Elections for the City of Glasgow District Council took place on 3 May 1977, alongside elections to the councils of Scotland's various other districts. These were the second elections to the City of Glasgow District Council, and saw Labour losing their control of the council, losing nearly half of their councillors. Among the losing councillors was Dick Dynes, the Labour group leader. Dynes was replaced as leader by Jean McFadden.

While Labour still had the largest number of councillors, the party decided not to try retain power rejecting the possibility of coalition deals with either the Conservatives or the SNP. This paved the way for the Conservatives to form a minority administration, although they also refused to work with the SNP. The SNP group leader Frank Hannigan, reacted angrily to Labour's decision and called on their councillors to resign.
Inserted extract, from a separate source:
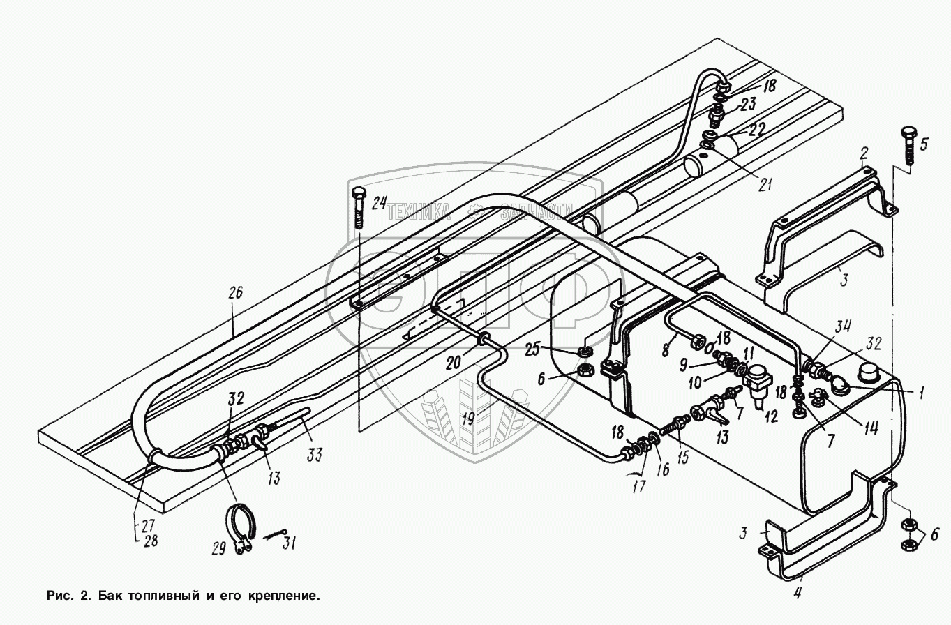 Каталог запасных частей к технике: МАЗ-9758. Бак топливный и его крепление

He argued they had "ratted on their own voters" by handing power to the Conservatives who had won just 28% of the vote. This meant what would happen at the first meeting of the council was uncertain

When the Council met on 9 May SNP abstentions meant that Labour's nominee David Hodge was elected Lord Provost of Glasgow over the Conservatives' Jack Richmond. As the Conservatives had said that they would only form an administration if their candidate was elected as Lord Provost, this caused an uncertain situation. Ultimately Richmond urged his colleagues to form an administration nonetheless and they eventually agreed to do this after an internal vote among the Conservative group. However it was noted in The Glasgow Herald that many of their policies, including the sale of council houses, were unlikely to be supported by the majority on the council.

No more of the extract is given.